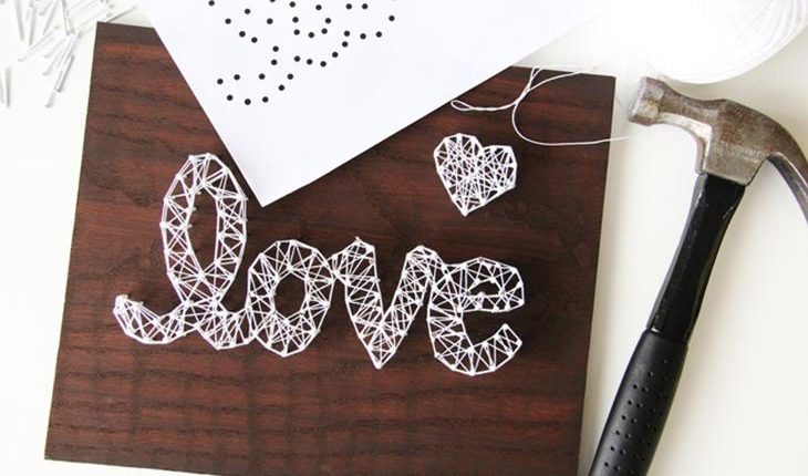 Одним из самых простых изображений, которое под силу начинающим мастерам, считается сердце. С такой композицией справиться даже ребенок, при условии, что взрослые вобьют в дощечку гвоздики. Такая поделка станет отличным подарком или просто украсит стену в вашей гостиной.
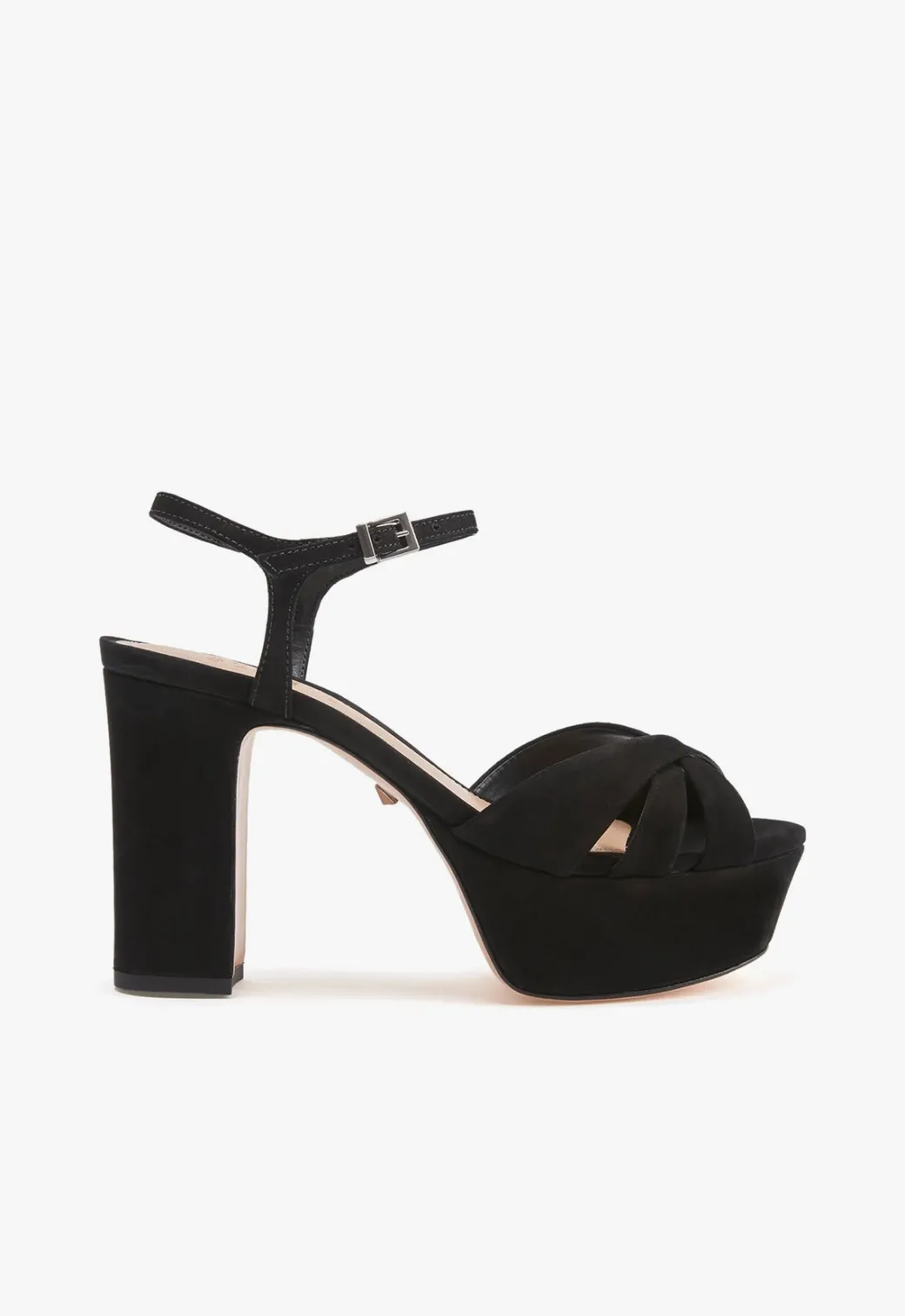 Experience mesmerizing disco glamour with the Keefa Sandal. Step out in style with the striking chunky high-heeled platform silhouette, enhanced by luxurious soft leather. Elevate your fashion with the elegant crisscross toe band, making this day-to-night sandal the epitome of chic sophistication.
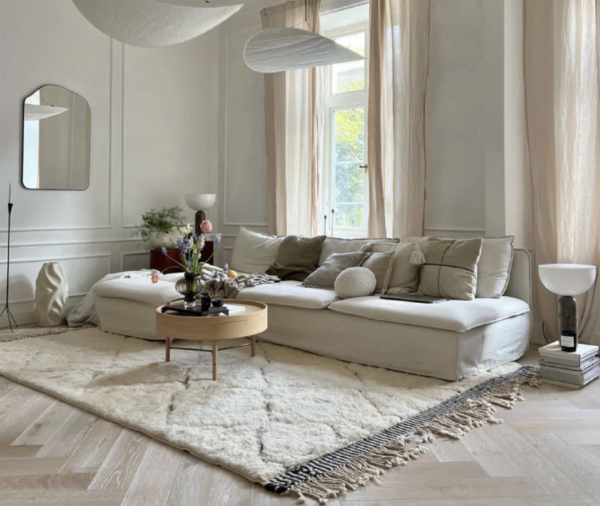 Unglaublich weich, naturrein und herrlich zeitlos, das ist der Beni Mrirt Diamonds Berber Teppich aus dem Herzen des Mittleren Atlas Gebirge in Marokko. Die außergewöhnlichen Berber Teppiche aus reiner Wolle (Schurwolle) sind nach dem Berberstamm der “Beni Ourain” benannt, die ihre Muster und Eigenschaften prägten. Meist finden sich einfache, bei alten Teppichen auch komplexere, geometrische Muster. Die Berberteppiche sind weltweit bekannt und seit der Midcentury Ära ein echter Designklassiker. Ein Revival erhielt der Berber Teppich als ihn Interiorliebhaber des skandinvischen Wohnstils wieder für sich entdeckten.
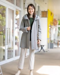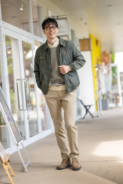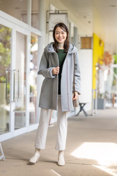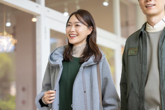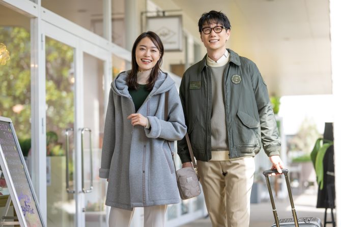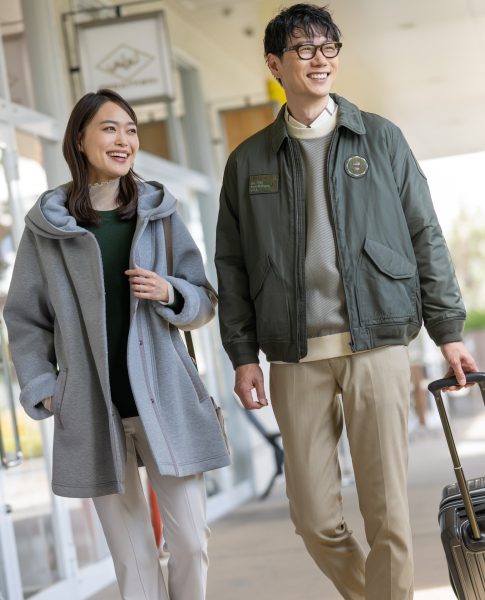 女性はグレーコート×カーキニット、男性はカーキの中わたフライトジャケットで、自然にリンクしつつそれぞれの個性も引き立ちます!
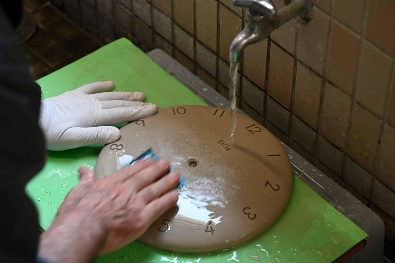 這是我們矽藻土時鐘系列的第三部作品,以「水洗面」工藝製作。這種工藝常用於抹灰工的牆面裝飾。

+++

### About this exercise
Set down word for word each line from the one containing "女性はグレーコート×カーキニ" through the end of the material, and keep the pictures out of it.

### Result
 女性はグレーコート×カーキニット、男性はカーキの中わたフライトジャケットで、自然にリンクしつつそれぞれの個性も引き立ちます!
 這是我們矽藻土時鐘系列的第三部作品,以「水洗面」工藝製作。這種工藝常用於抹灰工的牆面裝飾。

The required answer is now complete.